The effect of flexibility on wage: Evidence from italian linked employer-employee data

Saturday, October 10, 2015: 10:20 AM
Patrizia Ordine , University of Calabria, Rende, Italy
Giuseppe Rose , University of Calabria, Rende, Italy
Gessica Vella, M.B.A , Economics, Statistics and Finance, University of Calabria, Rende, Italy
In the recent past many European Governments adopted policies targeted to obtain employment flexibility and several studies highlight the relevance of the issue for unemployment flows,  unemployment duration and productivity.

This study aims at evaluating the effect of labor market flexibility on wages. A counterfactual approach is applied to Italian Linked Employer-Employee Longitudinal Data available for the period 1993-2002 and providing information on dependent workers’ and firms’ characteristics. 

The impact on wages of permanent employees of a reform deregulating the Italian labor market in late 1997 is evaluated. To achieve identification, we exploit a particular feature of the new institutional setup consisting of the introduction of Temporary Agency Workers in only some of the Italian industries. The peculiarity of the Italian normative setting generates a quasi-experimental setup which can be used to apply difference-in-differences (DD) procedures in order to evaluate the impact of TAW contracts on the wage of protected employees. In the same way, thanks to normative settings  the analysis can be pushed further. In particular, since employment protection legislation varies across firm size, being most binding for plants above 15 employees, it is possible to check whether the effect of TAW on wages of permanent workers changes according to their protection level. This gives us the opportunity to provide evidence concerning heterogeneous effects of flexibility on wages which may depend on the actual EPL enforcement.
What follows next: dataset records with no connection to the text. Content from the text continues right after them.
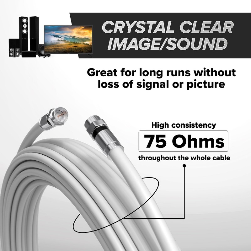 - Premium Construction: 18 AWG solid copper center conductor, UV resistant PVC outer jacket and 75Ohms Cable impedance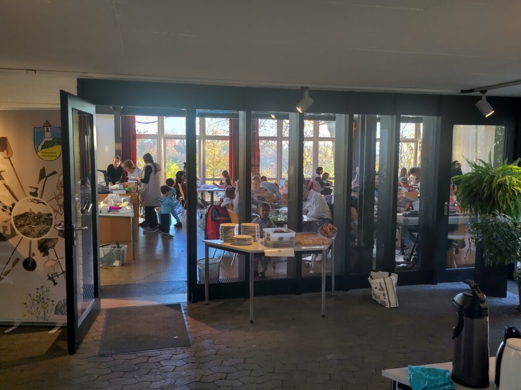 Am 6. November war das Gemeindehaus so gut gefüllt, dass die Kuchen- und Getränkebar auf einen Tisch vereint wurden. Alle anderen Tische waren durch Bastler in Benutzung! Bis 16:45 Uhr kamen noch neue Gäste, die von Jutta und Katharina von der KiTa Baumhaus mit Material und Tipps versorgt wurden. Der Heimatverein kümmerte sich um die Versorgung mit Kaffee und Tee. Der Quarkzucker-Kuchen der Bäckerei Hermann und die Schokomuffins des KiTa-Teams waren im Nu verzehrt. Alle kamen in den gut 2 Stunden auf ihre Kosten. Zum Schluß wurde noch gemeinsam aufgeräumt, da ab sechs Uhr der Raum schon wieder belegt war. Es hat wieder großen Spaß gemacht und wir freuen uns auf nächstes Jahr.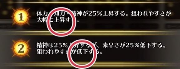 陣形の中にはヘイト(狙われやすさ)が上昇するもの、反対に低下するものがあります。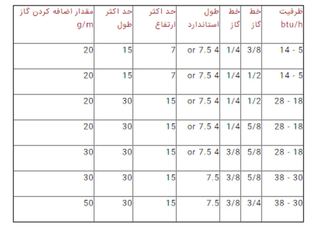حداکثر طول لوله کشی کولر گازی ، نسبت به قدرت و ظرفیت کولر گازی ، همچنین نسبت به سایز شیرهای کولر گازی متفاوت است که در جدول زیر به آن اشاره شده است.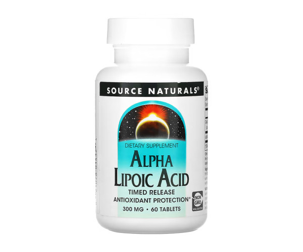 Альфа-ліпоєва кислота — потужний жиро- та водорозчинний антиоксидант. Він безпосередньо переробляє вітамін C і опосередковано — вітамін E, забезпечуючи додатковий антиоксидантний захист. Він також є важливим компонентом у процесі виробництва енергії в клітинах. Альфа-ліпоєва кислота може підтримувати нормальну реакцію на інсулін і здоровий рівень цукру в крові, який уже перебуває в межах норми. Альфа-ліпоєва кислота з тимчасовим вивільненням від Source Naturals розроблена для поступового вивільнення протягом дня.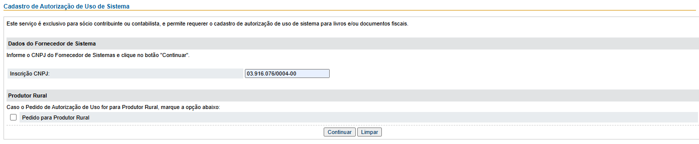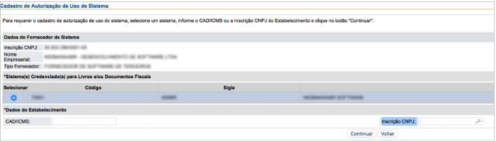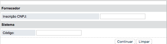 Em seguida informe o código do sistema que utiliza e que deseja realizar a autorização e o CNPJ da Fornecedora:

Furthermore, as the introduction of a new type of fixed-term contract could generate flows of workers across contracts, employment status and firm size we use Fixed-Effect estimators on panel data.

We find some evidence of a generic increase of wages of employees in industries involved in the reform. Moreover we verify that the positive effect is relatively less important for protected workers hired permanently. This effect is consistent with labor productivity improvements.